Power Method & Lanczos Method
Previously, we used the SVD to find the best rank-\(k\) approximation to a matrix \(\mathbf{X}\). For this application, notice that we didn’t really need to find all the singular vectors and values.
We can save time by computing an approximate solution to the SVD. In particular, we will only compute the top \(k\) singular vectors and values. We can do this with iterative algorithms that achieve time complexity \(O(ndk)\) instead of \(O(nd^2)\).

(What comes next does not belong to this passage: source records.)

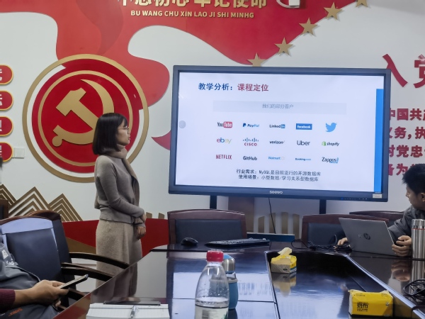 软件技术专业新入职教师王悦对《MySQL数据库》这门课程从教学设计、教学实施、教学效果、教学创新和不足等几个方面进行说课,全面展现了自己对课程的理解以及教学程序。说课过程中,新教师教态自然、吐字清晰,教学目标、教学内容完整合理,展示了多样化的教学资源和创新的教学方法。系部专业负责人及骨干教师对新教师的表现予以充分肯定,并提出更高要求。同时,老师们进行了激烈的讨论,新老师提出自己对课堂或教学的疑惑和困难,老师们也给新老师提供了很多帮助和建议。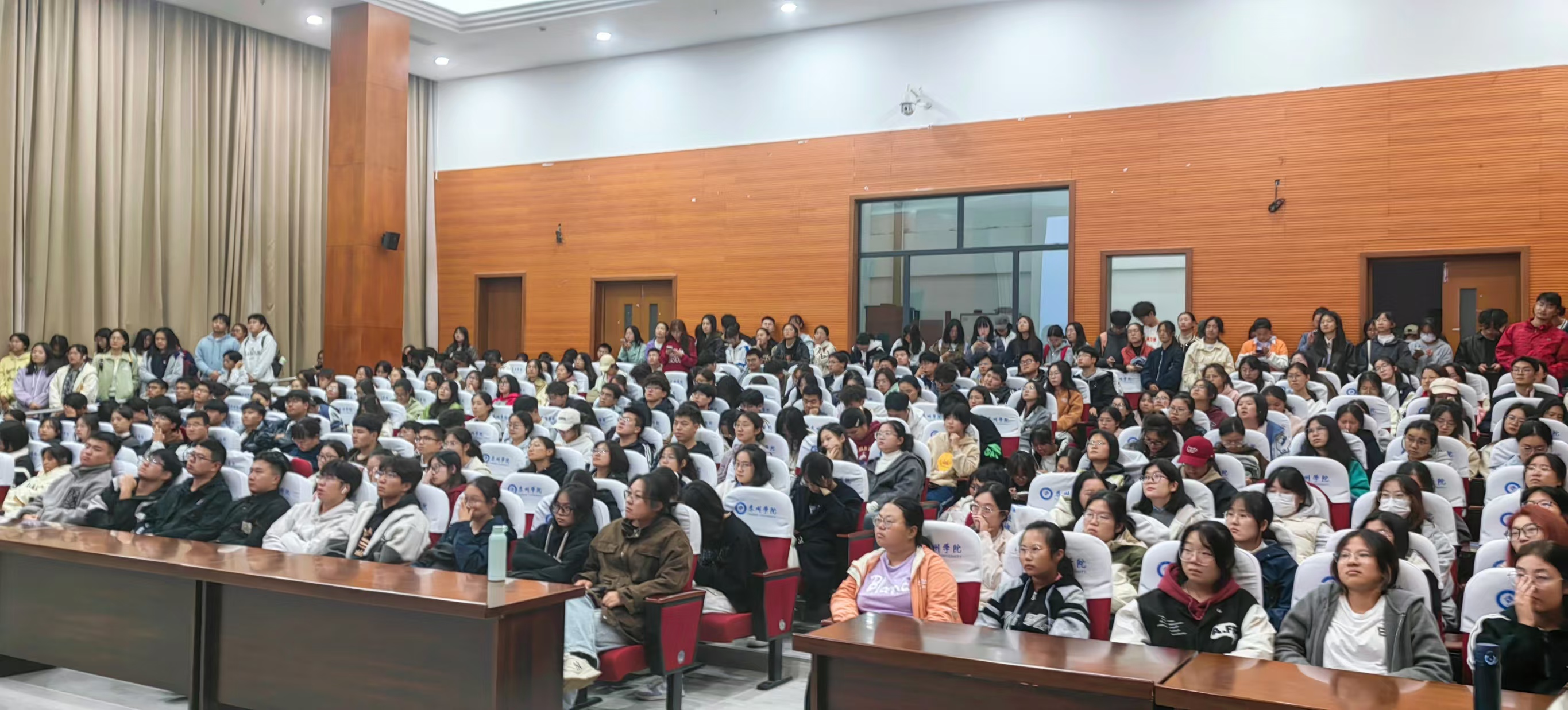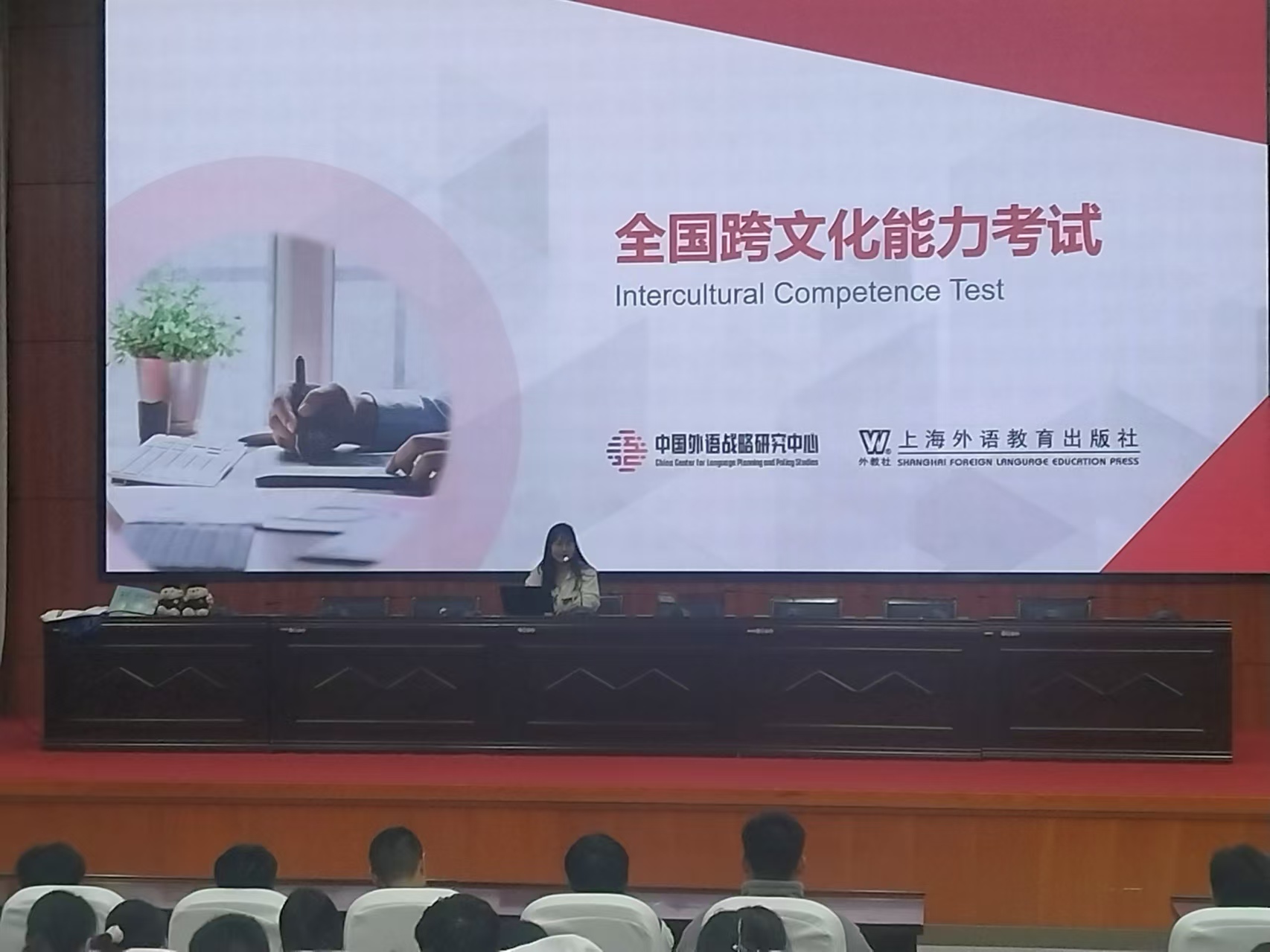 丁莉首先阐述发展跨文化能力的重要性,对外教社老师前来宣讲表达欢迎和感谢。随后,外教社柳源对全国跨文化能力考试进行了介绍,分享了考试实况,并在现场以真题为例和学生进行积极互动,现场气氛热烈。最后,徐佳结合本校考试数据和学校相关政策文件进行了补充介绍。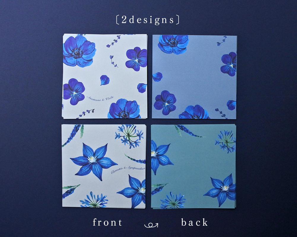 「ビオラ&アネモネ」と、「クレマチス&アガパンサス」2種類のデザインが入っていて、ひとことメッセージやちょっとしたお手紙に使うときなどにちょうどよいボリュームのサイズです。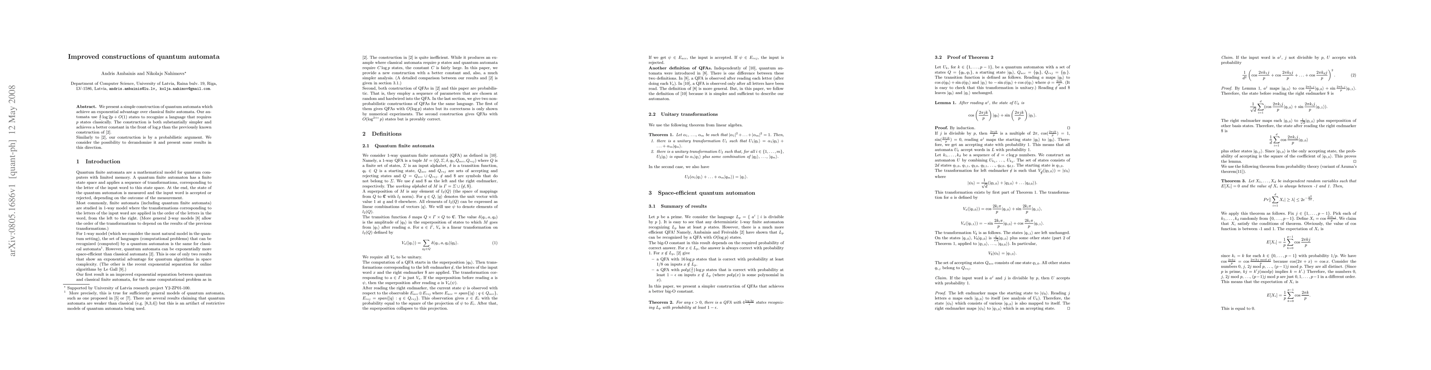 We present a simple construction of quantum automata which achieve an exponential advantage over classical finite automata. Our automata use \frac{4}{\epsilon} \log 2p + O(1) states to recognize a language that requires p states classically. The construction is both substantially simpler and achieves a better constant in the front of \log p than the previously known construction of Ambainis and Freivalds (quant-ph/9802062). Similarly to Ambainis and Freivalds, our construction is by a probabilistic argument. We consider the possibility to derandomize it and present some results in this direction.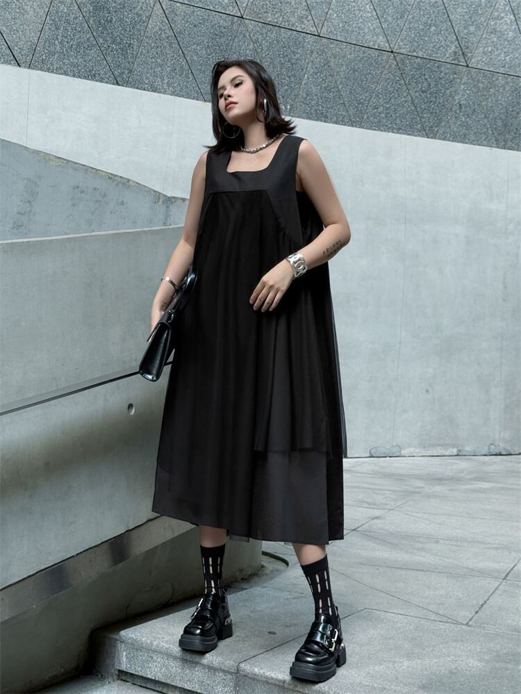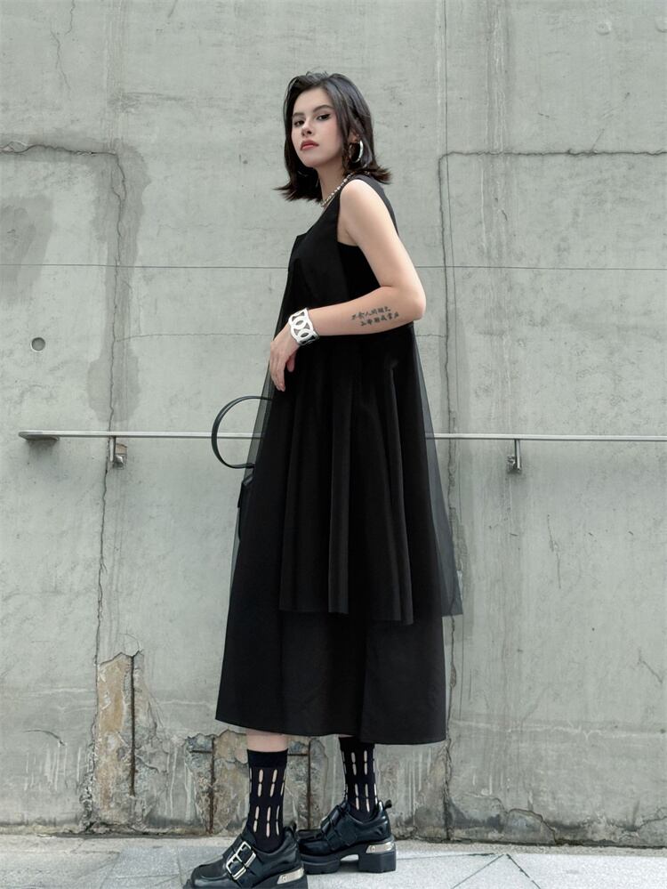 春夏新作 トレンドAラインノースリーブ レトロモダンデザイン 夏用リラックスフィットワンピース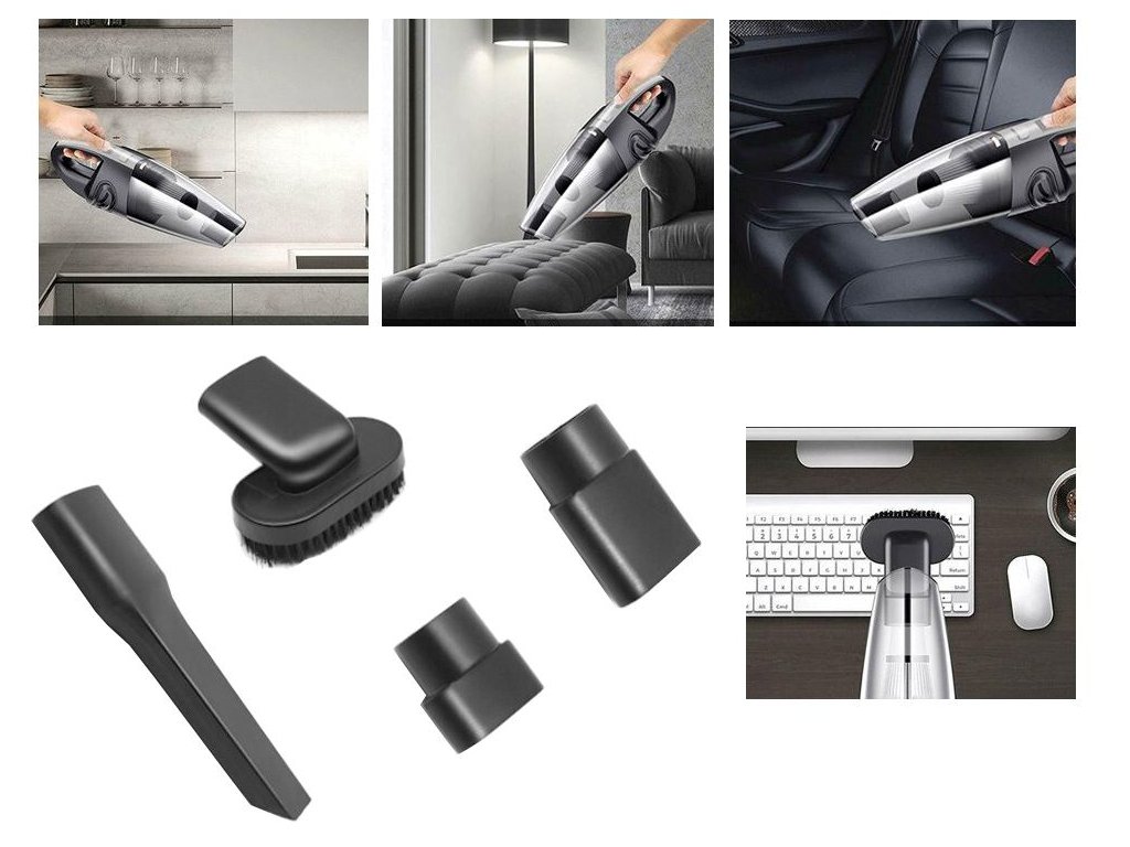 Vysavač je vybaven výkonnou dobíjecí baterií, která se nabíjí pomocí kabelu USB . Součástí balení jsou dvě hubice pro snadné čištění.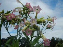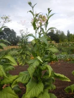 ‘Gold Dollar’ is a flue-cured type of tobacco, has pretty pink flowers, and was historically used for pipe and cigarette blending. It is early maturing making it a good choice for gardeners living in areas with shorter growing seasons.
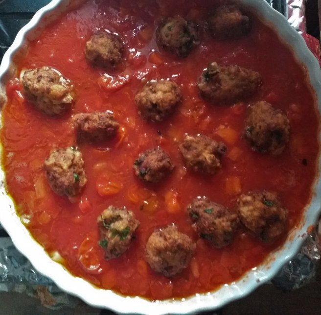 Chiftele in sos de rosii cu mozzarela la cuptor

Today, we will see two such algorithms: the power method and the Lanczos method.
The Power Method
The power method is a general algorithm for finding the dominant eigenvector of a square matrix. In the context of computing the SVD of a matrix \(\mathbf{X} \in \mathbb{R}^{n\times d}\), we apply the power method to the square, symmetric matrix \(\mathbf{A} = \mathbf{X}^\top \mathbf{X} \in \mathbb{R}^{d\times d}\).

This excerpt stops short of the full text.